Are Neural Networks too long? Top Tips to Make them Smaller

Losing sleep over too long neural networks? look at these tips to make them smaller.

The first and most popular method for deep neural networks is to train neural networks that are lightweight by design. A good example of this is MobileNet by Google. MobileNet’s architecture only features 4.2 million parameters while achieving a 70% accuracy on ImageNet. This compression maintains reasonable performance and is achieved by the introduction of depthwise convolution layers which help reduce model size and complexity.

A modern approach to reducing generalization error is to use a larger model that may be required to use regularization during training that keeps the weights of the model small. These techniques not only reduce overfitting but can also lead to faster optimization of the model and better overall performance.

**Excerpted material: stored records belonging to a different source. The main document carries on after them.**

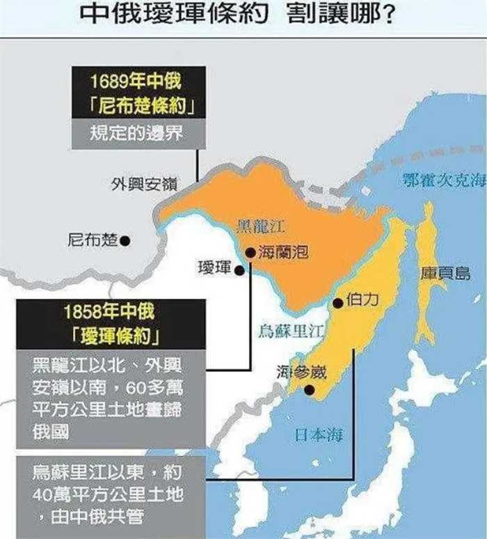 条约规定“大兴安岭以南,黑龙江以北归约60万平方公里的土地归俄国,乌苏里江以东的40万平方公里土地划为两国共管疆土。”后来,俄国同清政府签订《北京条约》,清政府承认这100万平方公里的土地割让给俄国。
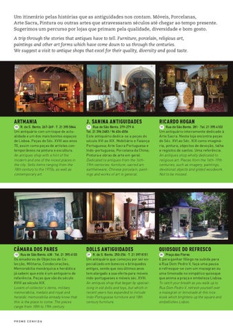 Um itinerário pelas histórias que as antiguidades nos contam. Móveis, Porcelanas, Arte Sacra, Pintura ou outras artes que atravessaram séculos até chegar ao tempo presente. Sugerimos um percurso por lojas que primam pela qualidade, diversidade e bom gosto. A trip through the stories that antiques have to tell. Furniture, porcelain, religious art, paintings and other art forms which have come down to us through the centuries. We suggest a visit to antique shops that excel for their quality, diversity and good taste.
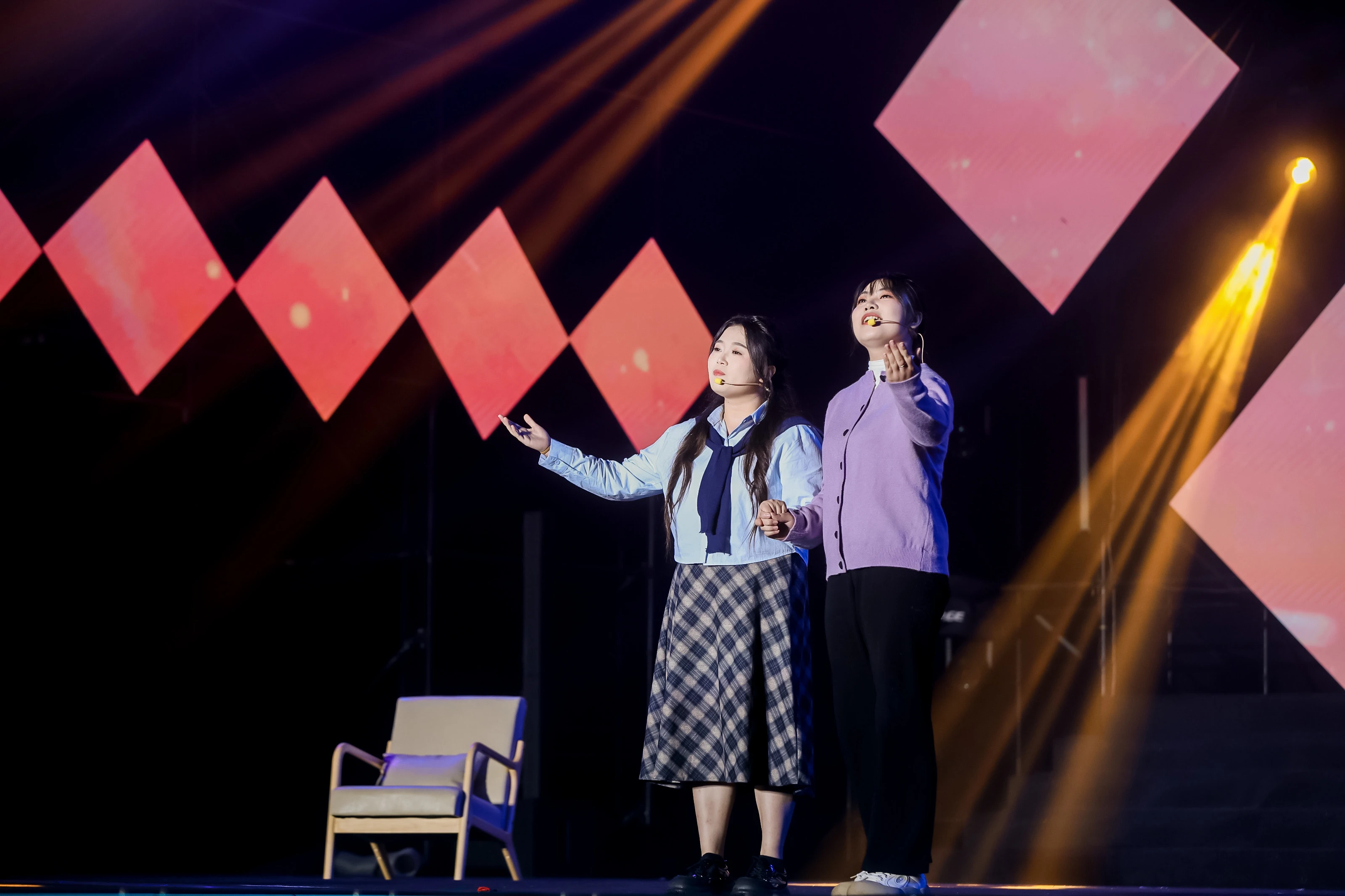 在璀璨的灯光下,现场迎来了晚会的高潮——“传递梦想,助力成长”。会计学院会计学专业主理人谢晓妮、人文教育学院学前教育专业主理人高田幸子、人居环境学院土木工程专业主理人芦白茹、职业教育学院新闻学和新闻采编与制作专业主理人王喆,为我们传递梦想。

Tips for Training Deep Neural Networks

Before you start building your network architecture, the first thing you need to do is to verify your input data into the network if an input (x) corresponds to a label (y). In case of dense prediction, make sure that the ground-truth label (y) is properly encoded to label indexes (or one-hot encoding). If not, the training won’t work.
Always use normalization layers in your network. If you train the network with a large batch size (say 10 or more), use the BatchNormalization layer. Otherwise, if you train with a small batch size (say 1), use the InstanceNormalization layer instead. Note that major authors found out that BatchNormalization gives performance improvements if they increase the batch size and it downgrades the performance when the batch size is small. However, InstanceNormalization gives slight performance improvements if they use a small batch size. Or you may also try GroupNormalization.
Another regularization technique is to constraint or bound your network weights. This can also help prevent the gradient explosion problem in your network since the weights are always bounded. In contrast to L2 regularization where you penalize high weights in your loss function, this constraint regularizes your weights directly.
Always shuffle your training data, both before training and during training, in case you don't benefit from temporal data. This may help improve your network performance.
To capture contextual information around objects, use multi-scale features pooling modules. This can further help improve the accuracy and this idea is successfully used in semantic segmentation or foreground segmentation.
Opt-out void labels (or ambiguous regions) from your loss or accuracy computation if any. This can help your network to be more confident in the prediction.

Intuitions Behind Network Pruning

Pruning is a simple, intuitive algorithm. There are many variants, but the basic idea works on any neural network.

The first one is weight redundancy. This means that several neurons or filters in the particular case of CNNs will be activated by very similar input values. Consequently, most networks are over-parameterized and we can safely assume that deleting redundant weights won’t harm performance too much.

The second one is that not all weights contribute equally to the output prediction. Instinctively, we can assume that lower magnitude weights will have lower importance to the network, Y. LeCun calls them low saliency weights. Indeed, all things being equal, lower magnitude weights will have a lower effect on the network’s training error.